KARACHI: Stocks on Thursday recorded their worst single-day fall in more than 20 months, with investors stuck in a selling frenzy over economic fallout from ballooning trade deficit and scares of another rate hike, dealers said.
“It was a ‘Black Thursday’ for the country’s capital market that suffered its third largest one-day loss ever,” a dealer said.
With a loss of 2,134.99 points or 4.71 percent, benchmark KSE-100 Shares Index plunged to 43,234.15 points at Pakistan Stock Exchange (PSX), testing a day high and a low of 45,369.14 and 43,089.07 points, respectively.
Khurram Schehzad, chief executive officer at Alpha Beta Core, said the decline of 2,135 points, the largest fall in the calendar of 2021, caused about $1.9 billion losses to investors.
“Among other reasons for this decline are massive November import bill and surprising increase in the secondary market interest rates under the IMF (International Monetary Fund) programme,” It was the third-largest decline in a session, Schehzad said.
Analysts said expectation of further monetary tightening and an expected all-time high current account deficit sparked panic selling across the board.
Zafar Moti, former director PSX, said capital market suffered a massive tragedy.
“There were talks about mini-budget and FBR (Federal Board of Revenue) chairman also gave a statement on it. Besides, T-bill options and concerns
ahead of next monetary policy meeting, seen increasing discount rate by above 125 basis points, affected the sentiment,” he added.
“Lower locks mechanism kicked in and the whole market was about to be closed for an hour but some scrips survived.”
Ahsan Mehanti, at Arif Habib Corp, said, stocks closed record lower on concerns over a sharp rise in T-bill and PIBs (Pakistan Investment Bonds) yields, $32.851 trade deficit for Jul-November 2021 widening by 68.6 percent, weak global equities, and slump in global crude oil prices.
“Rupee instability, NEPRA approval of hike in power tariff, uncertainty ahead of approval over terms of resumed IMF programme contributed to record fall.”
In line with the overall bearish trend, KSE-30 Shares Index also dropped 877.90 points or 4.99 percent to 16,697.96 points.

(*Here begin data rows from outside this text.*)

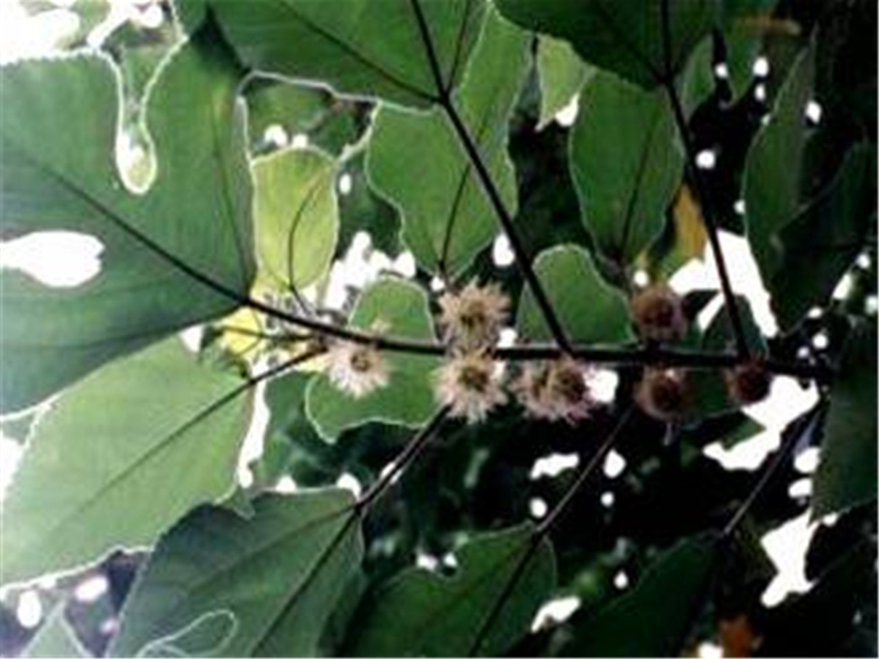 构树Broussonetia papyrifera (L.) L’Herit. ex Vent. (桑科Moraceae)落叶乔木,高达16m,胸径60cm。小枝粗壮,密被灰色绒毛。叶互生,常在枝端对生,宽卵形,长7—18cm,宽4—10cm,先端渐尖,基部圆或近心形,不裂或2—3裂,上面有糙伏毛,下面被软柔毛;叶柄长2.5—8cm,有密毛;托叶三角形,膜质,大而早落。雌雄异株,雄花序为柔荑花序,雌花序为头状花序。聚花果球形,径约3cm,橙红色。花期5月,果期8—9月。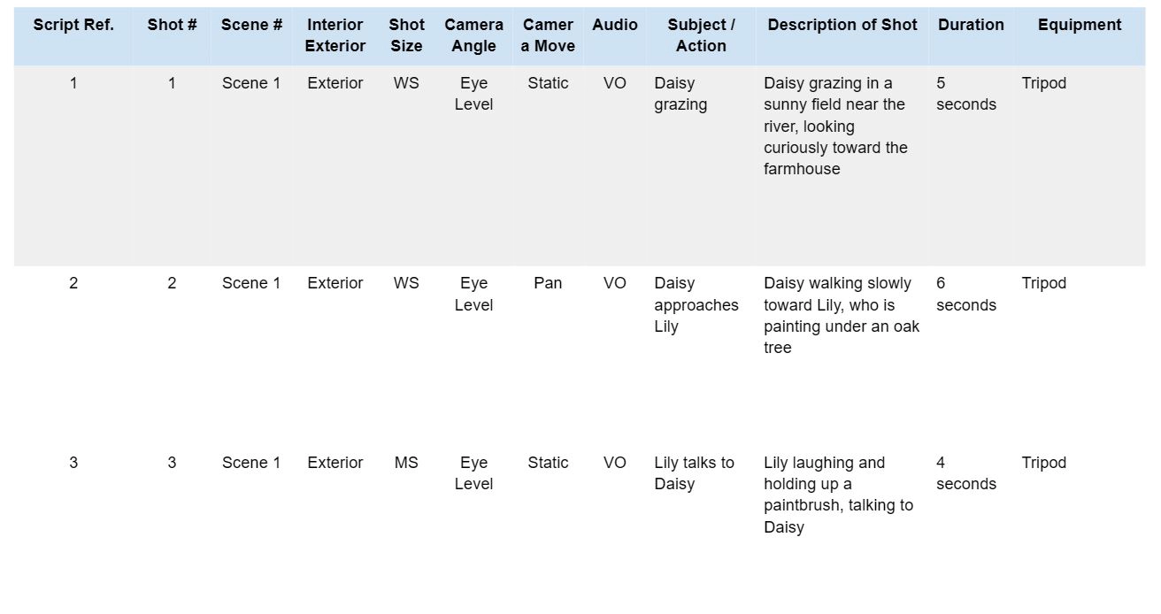 스토리보드는 각 장면을 시각화하여 촬영 감독과 프로덕션 디자이너를 안내합니다. 스토리보드는 프레이밍, 조명, 카메라 앵글에 대한 체크리스트 역할을 하여 모든 사람이 각 장면이 어떻게 실행될지 이해할 수 있도록 합니다.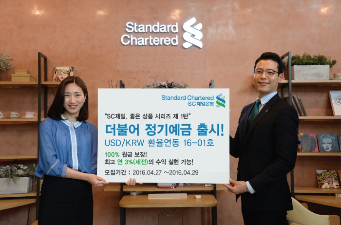 26일 SC제일은행은 '좋은 상품 시리즈'의 첫번째 상품으로 '더불어정기예금 원·달러 환율 연동 16-01호'를 27일부터 29일까지 3일 간 판매한다고 밝혔다.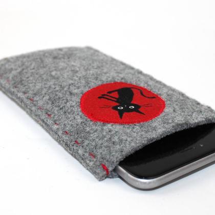 Schöne Handyhülle aus 4mm dicken, reinem Wollfilz Schütz das Handy in der Manteltasche ebenso wie in der Handtasche oder im Autoseitenfach. Die Hülle kann auch sehr gut als Brillenetui verwendet werden :-) Das Motiv wird appliziert und die Tasche wird von mir mit der Hand mit Perlgarn zusammengenäht. Größe: 16x10 cm Außenmaß - wenn nicht anders gewünscht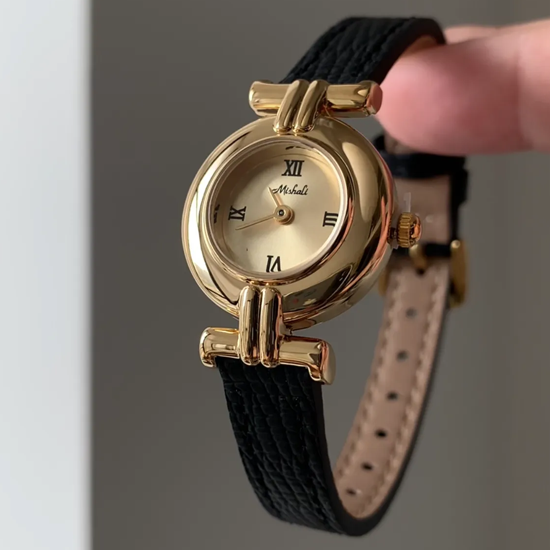 Vintage Grace -uurwerk: Round Leather Quartz Watch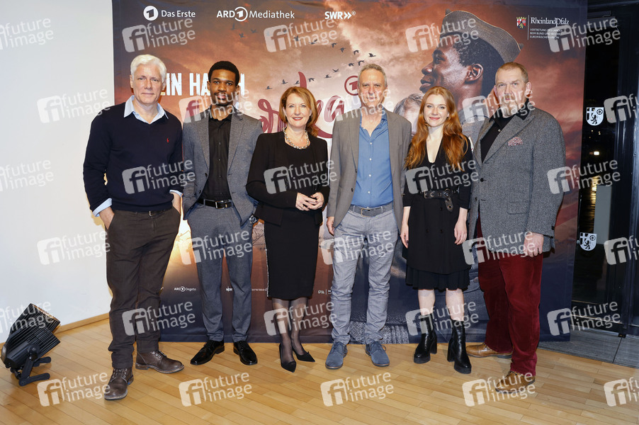 Philipp Brenninkmeyer, Reomy D. Mpeho, Gast, Dror Zahavi, Franziska Brandmeier und Dietmar Bär bei der Preview der Fernsehserie 'Ein Hauch von Amerika' in der Vertretung des Landes Rheinland-Pfalz beim Bund. Berlin, 23.11.2021

Traded shares, however, increased 145 million shares to 386.75 million shares from 241.06 million shares, while trading value rose to Rs14.06 billion from Rs9.22 billion. Market capital decreased to Rs7.418 trillion from Rs7.750 trillion. Out of 365 companies active in the session, 16 posted gains, 338 losses, while 11 remained unchanged.
Brokerage Topline Securities in a note said equities suffered a massive bloodbath during the session.

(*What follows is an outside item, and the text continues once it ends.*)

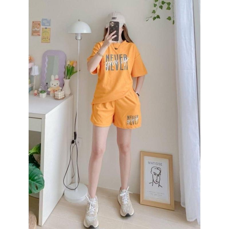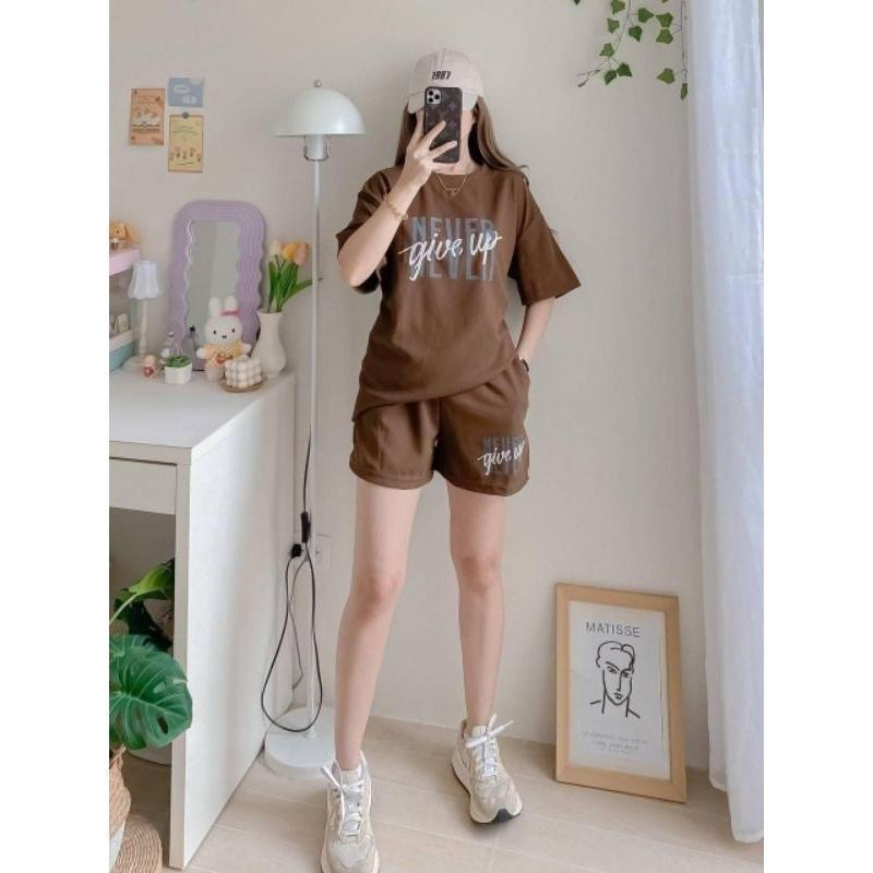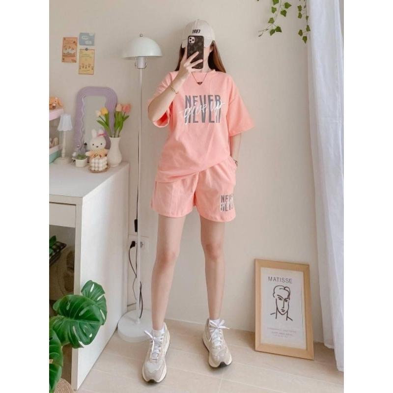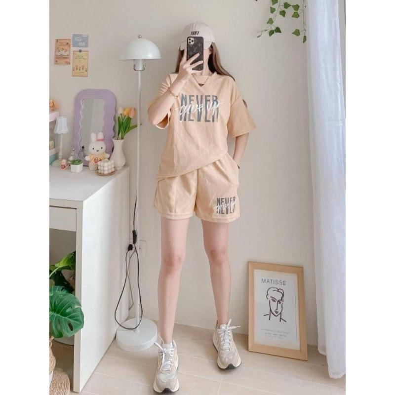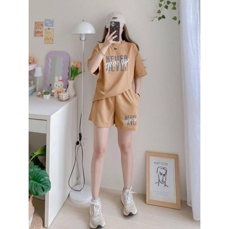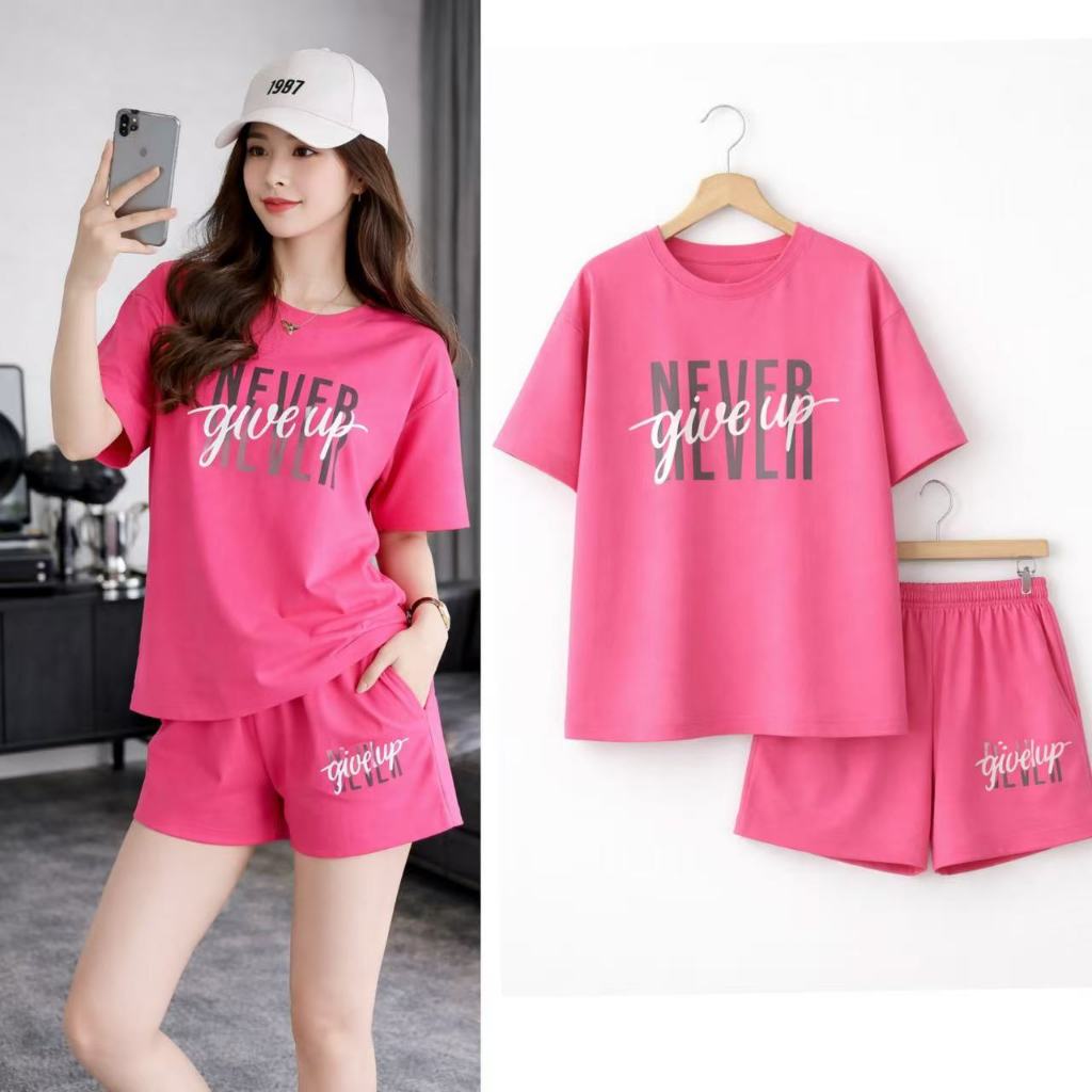 T-Shirt at Shorts Set para sa Babae – Trendy Letter Print Lounge Wear Oversized style / Loose fit

The market opened on a negative note making an intraday low of 2,282 points as investors were concerned over multiple things like soaring trade deficit and higher than expected secondary market yields, the brokerage said.
Sector-wise, cements were major laggards in the trading session as LUCK, MLCF, DGKC, CHCC closed at their respective lower circuits. Further, technology, energy, and fertilisers sector followed suit dragging the index further down.

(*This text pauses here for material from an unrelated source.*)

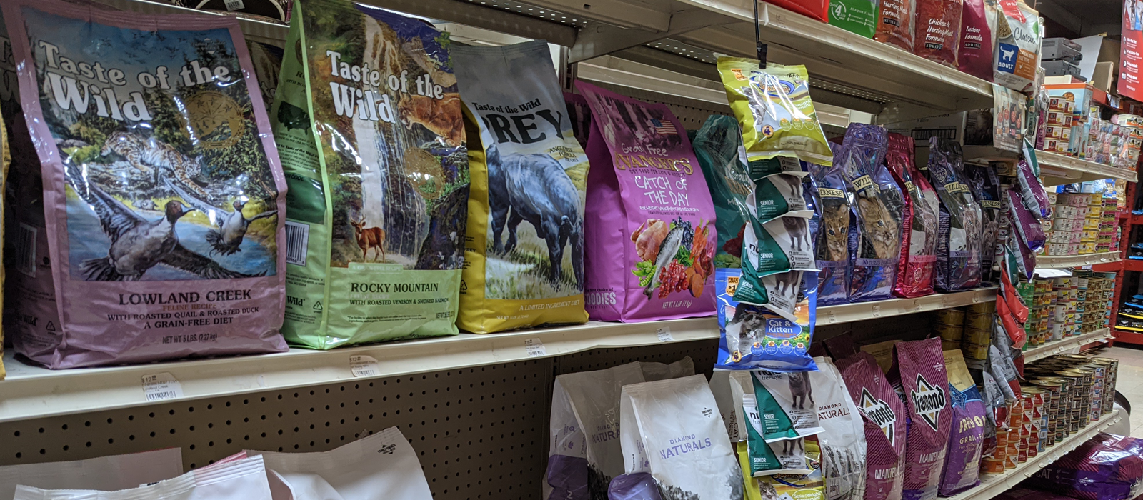 We carry flea medications (both liquid applications and flea collars), tick medication, dewormers, grooming tools and aids such as brushes, nail trimmers, and shampoos, external care supplies such as paw care, skin care, itch relief sprays, ear and eye care, and blood stoppers, dietary supplements and vitamins, and other internal health supplies, including for hairball assistance. We're also a local source for salmon and other fish oils to assist with your pet's skin and coat health.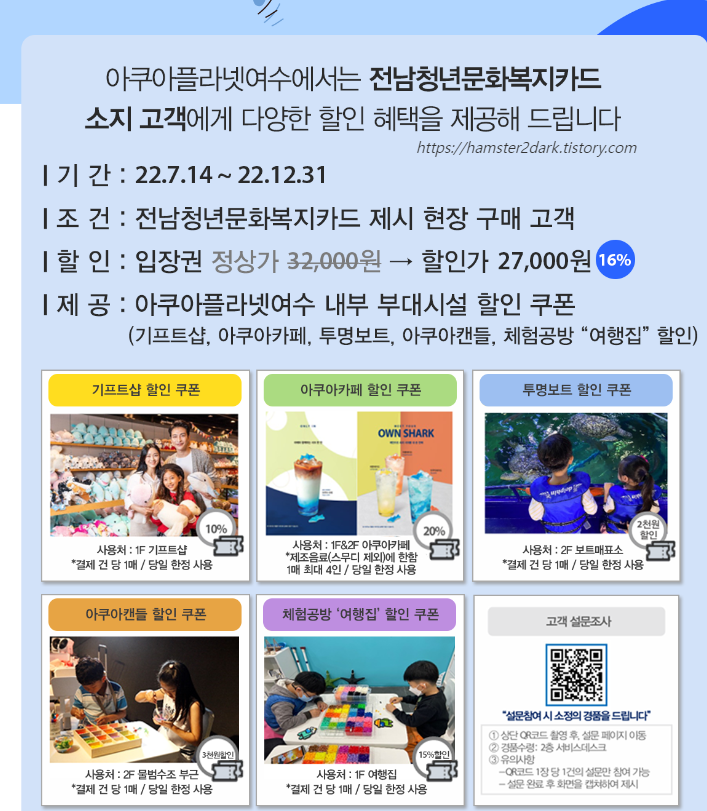 그 외에도 아쿠아플라넷 여수 내부 부대시설 할인 쿠폰도 주는데...

The highest increase was recorded in shares of Unilever Foods, which rose by Rs1400 to Rs20,400 per share, followed by Shield Corp. that increased by Rs19.31 to Rs293.77 per share.
A major decline was noted in shares of Nestle Pakistan, which fell by Rs171.54 to Rs5,350 per share, followed by Rafhan Maize that decreased by Rs124 to Rs9,775 per share.
Arif Habib Ltd (AHL), a brokerage house, said the bloodbath struck as investors were unable to digest a series of outrageous economic indicators.
“First of all, highest ever monthly trade deficit number of $5.1 billion as exports clocked in at $2.9 billion and imports $8.0 billion. Secondly, the expectation of interest rate increase in the upcoming monetary policy as 3-month T-bill cut-off yields increased 229 basis points to 10.79 percent, 6-month at
11.50 percent, and 12-month paper’s yield came in at 11.51 percent,” the brokerage said.
It added that another factor that contributed to the slump was the expectation of a higher CPI (Consumer Price Index) number next month due to the low base effect and further devaluation of the rupee.
“Most stocks closed on their lower circuit and moving forward, we expect the market to remain volatile and recommend a cautious approach,” said AHL the report.
WorldCall Telecom was the volume leader with 33.01 million shares, followed by Dolmen City that recorded a turnover of 29.58 million shares.
Turnover in the future contracts increased to 88.11 million shares from 72.31 million shares.